Data records
——

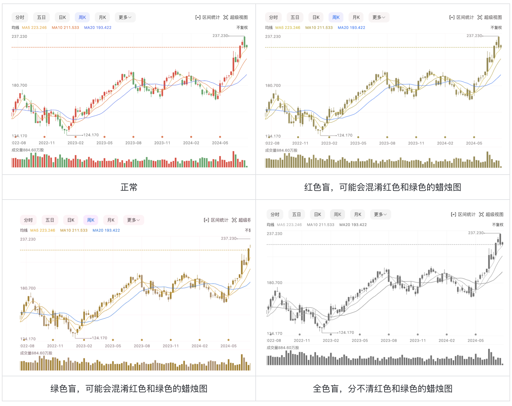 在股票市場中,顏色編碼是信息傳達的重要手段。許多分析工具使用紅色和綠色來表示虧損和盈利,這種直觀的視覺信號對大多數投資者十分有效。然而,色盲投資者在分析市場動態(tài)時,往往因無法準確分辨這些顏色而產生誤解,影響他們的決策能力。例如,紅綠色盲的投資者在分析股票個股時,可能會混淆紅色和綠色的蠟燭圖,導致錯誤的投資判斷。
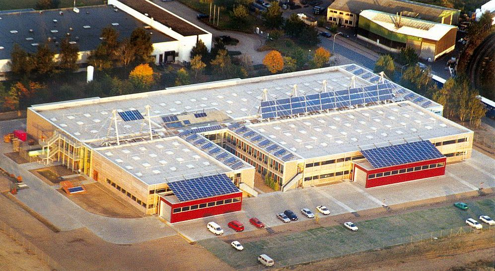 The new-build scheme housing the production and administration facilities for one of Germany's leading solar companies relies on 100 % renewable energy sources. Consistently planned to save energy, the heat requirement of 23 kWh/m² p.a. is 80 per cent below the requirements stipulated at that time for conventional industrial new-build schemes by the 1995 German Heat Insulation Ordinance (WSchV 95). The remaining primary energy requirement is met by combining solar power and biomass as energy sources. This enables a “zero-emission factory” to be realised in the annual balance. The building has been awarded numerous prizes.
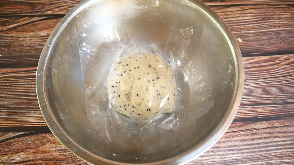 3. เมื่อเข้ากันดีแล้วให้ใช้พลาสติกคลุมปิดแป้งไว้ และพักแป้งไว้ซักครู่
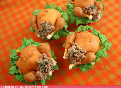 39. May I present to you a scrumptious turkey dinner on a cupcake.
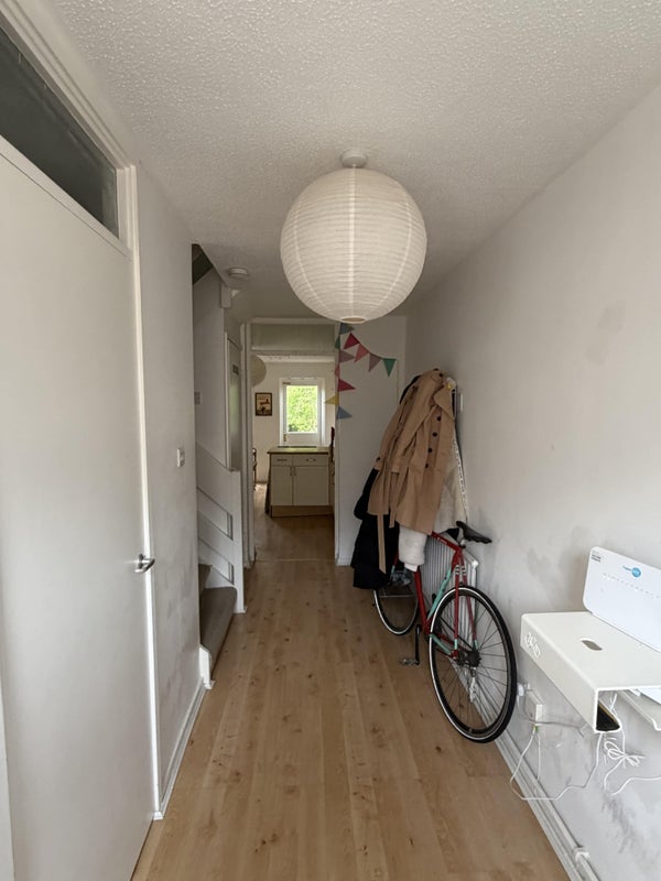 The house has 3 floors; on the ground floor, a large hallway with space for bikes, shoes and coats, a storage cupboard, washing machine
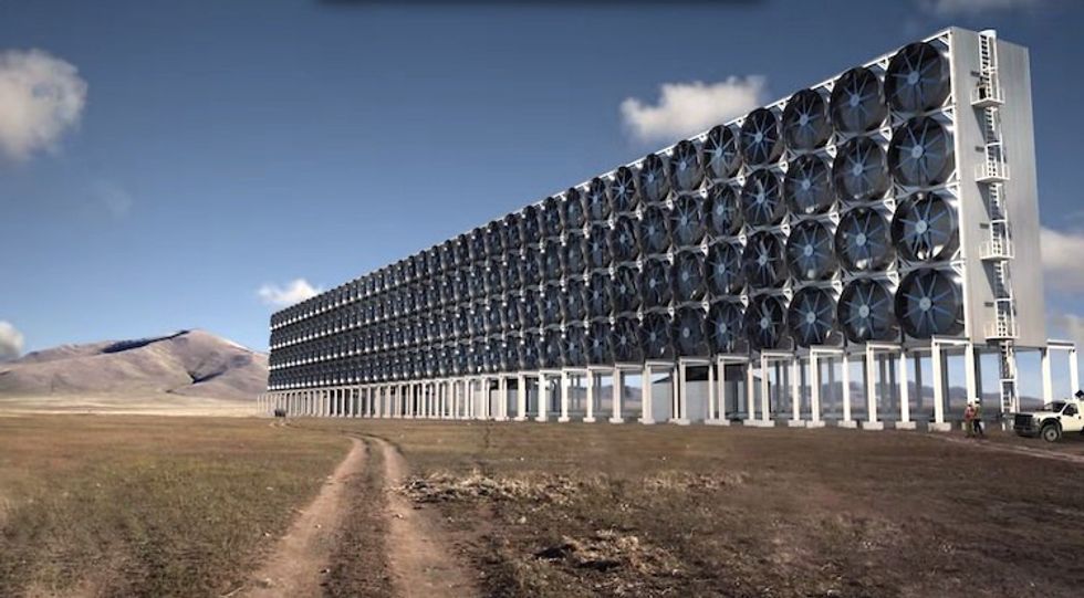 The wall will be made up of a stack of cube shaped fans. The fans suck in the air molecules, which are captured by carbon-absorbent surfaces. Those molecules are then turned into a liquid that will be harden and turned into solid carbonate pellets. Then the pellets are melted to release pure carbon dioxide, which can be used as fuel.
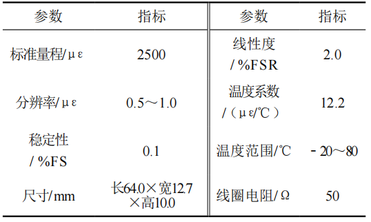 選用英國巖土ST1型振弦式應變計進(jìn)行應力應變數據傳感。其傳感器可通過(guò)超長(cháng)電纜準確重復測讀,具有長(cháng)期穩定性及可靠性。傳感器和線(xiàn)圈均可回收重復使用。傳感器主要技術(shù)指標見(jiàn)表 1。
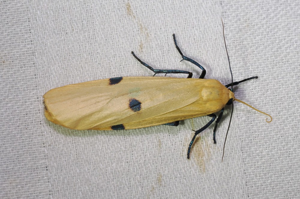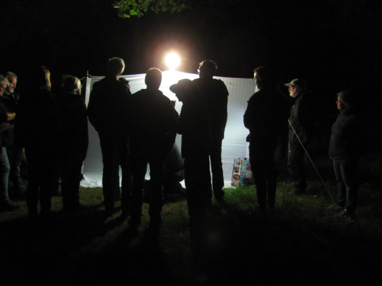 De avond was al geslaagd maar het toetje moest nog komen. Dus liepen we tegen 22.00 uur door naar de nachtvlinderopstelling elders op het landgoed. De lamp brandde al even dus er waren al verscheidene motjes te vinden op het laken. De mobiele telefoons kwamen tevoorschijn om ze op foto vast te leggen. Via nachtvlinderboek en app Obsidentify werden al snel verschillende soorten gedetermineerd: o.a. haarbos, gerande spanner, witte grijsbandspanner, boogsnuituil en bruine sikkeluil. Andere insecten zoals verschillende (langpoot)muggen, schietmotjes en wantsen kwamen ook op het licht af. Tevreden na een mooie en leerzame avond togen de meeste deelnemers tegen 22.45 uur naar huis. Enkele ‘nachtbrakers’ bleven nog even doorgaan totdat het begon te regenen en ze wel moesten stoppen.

——

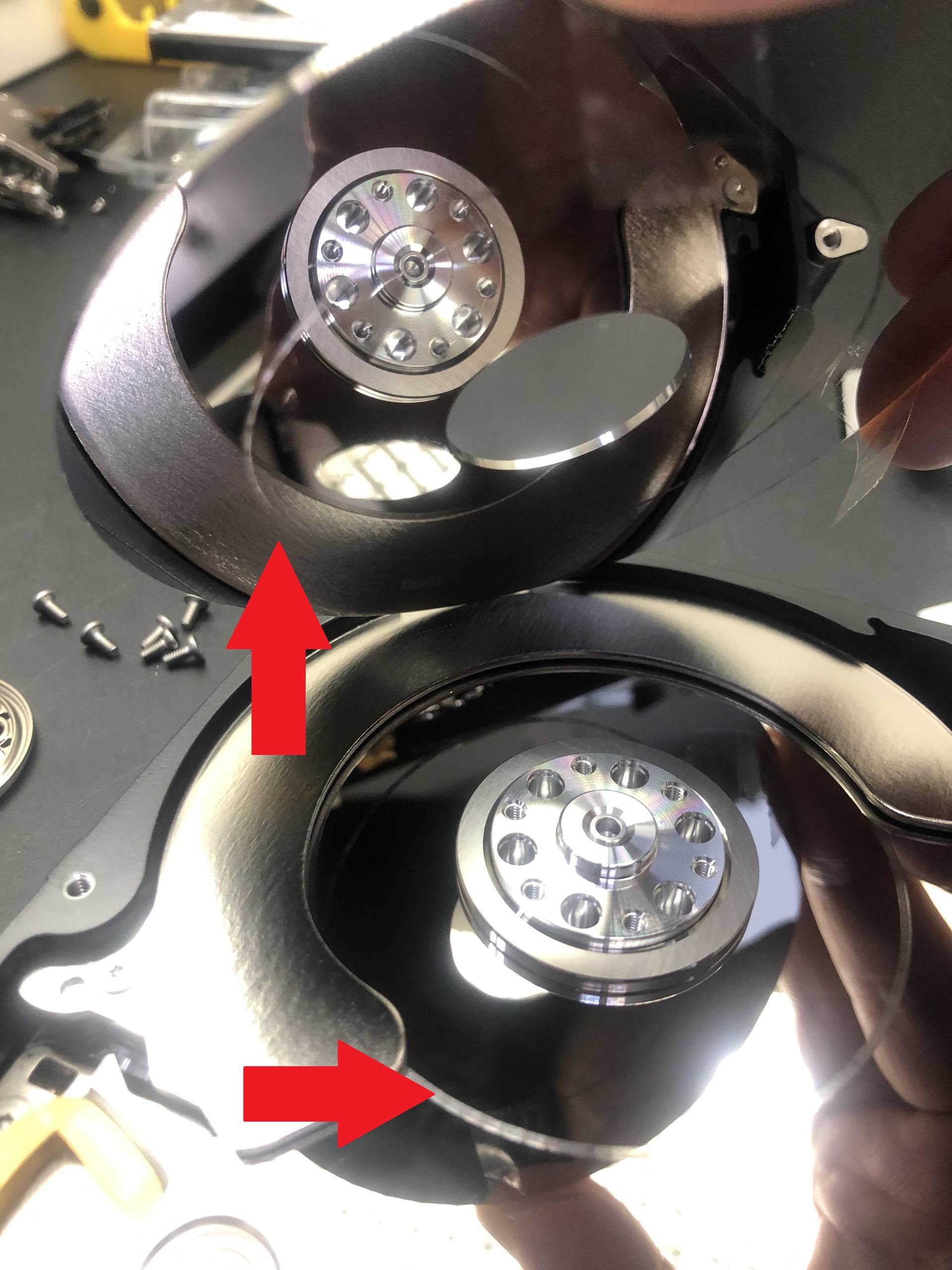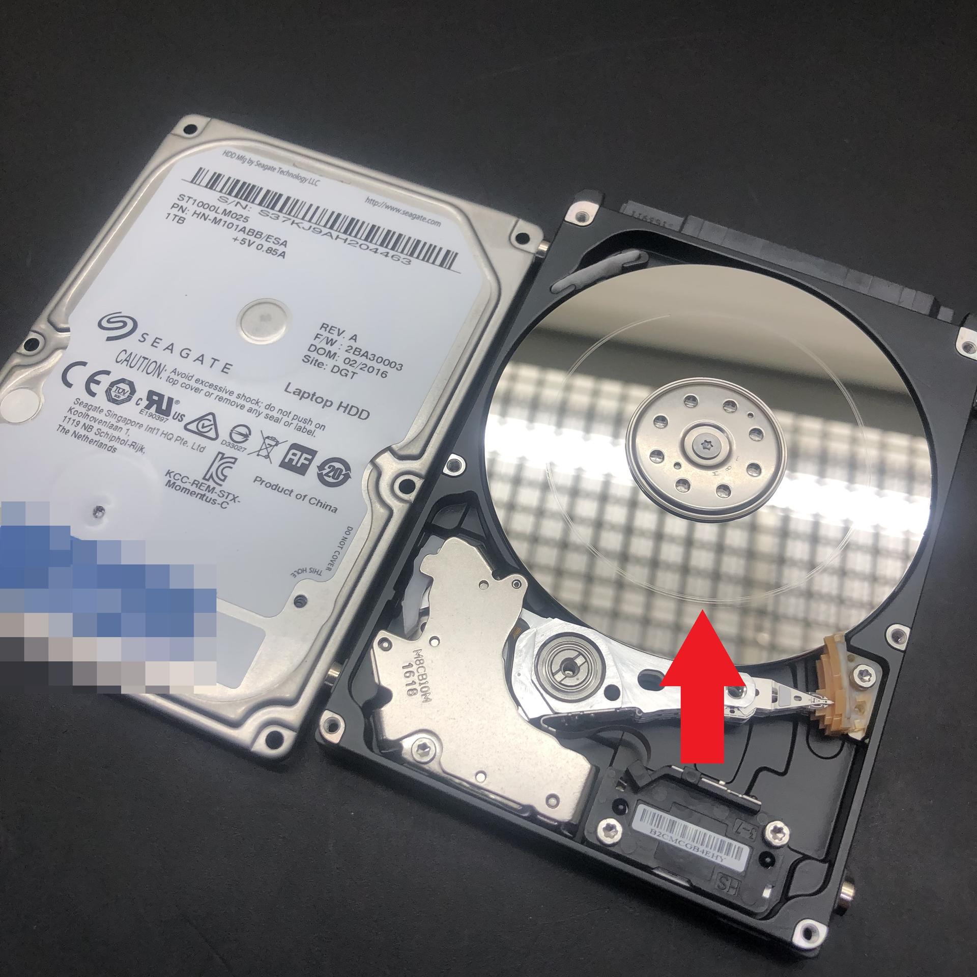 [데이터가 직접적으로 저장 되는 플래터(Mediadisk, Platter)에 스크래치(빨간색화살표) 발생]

——

Task to carry out
Please output, exactly as written, the lines above from the one holding "在股票市場中,顏色編碼是信息" through the one holding "選用英國巖土ST1型振弦式應", both included, with the pictures omitted.

Solution
 在股票市場中,顏色編碼是信息傳達的重要手段。許多分析工具使用紅色和綠色來表示虧損和盈利,這種直觀的視覺信號對大多數投資者十分有效。然而,色盲投資者在分析市場動態(tài)時,往往因無法準確分辨這些顏色而產生誤解,影響他們的決策能力。例如,紅綠色盲的投資者在分析股票個股時,可能會混淆紅色和綠色的蠟燭圖,導致錯誤的投資判斷。
 The new-build scheme housing the production and administration facilities for one of Germany's leading solar companies relies on 100 % renewable energy sources. Consistently planned to save energy, the heat requirement of 23 kWh/m² p.a. is 80 per cent below the requirements stipulated at that time for conventional industrial new-build schemes by the 1995 German Heat Insulation Ordinance (WSchV 95). The remaining primary energy requirement is met by combining solar power and biomass as energy sources. This enables a “zero-emission factory” to be realised in the annual balance. The building has been awarded numerous prizes.
 3. เมื่อเข้ากันดีแล้วให้ใช้พลาสติกคลุมปิดแป้งไว้ และพักแป้งไว้ซักครู่
 39. May I present to you a scrumptious turkey dinner on a cupcake.
 The house has 3 floors; on the ground floor, a large hallway with space for bikes, shoes and coats, a storage cupboard, washing machine
 The wall will be made up of a stack of cube shaped fans. The fans suck in the air molecules, which are captured by carbon-absorbent surfaces. Those molecules are then turned into a liquid that will be harden and turned into solid carbonate pellets. Then the pellets are melted to release pure carbon dioxide, which can be used as fuel.
 選用英國巖土ST1型振弦式應變計進(jìn)行應力應變數據傳感。其傳感器可通過(guò)超長(cháng)電纜準確重復測讀,具有長(cháng)期穩定性及可靠性。傳感器和線(xiàn)圈均可回收重復使用。傳感器主要技術(shù)指標見(jiàn)表 1。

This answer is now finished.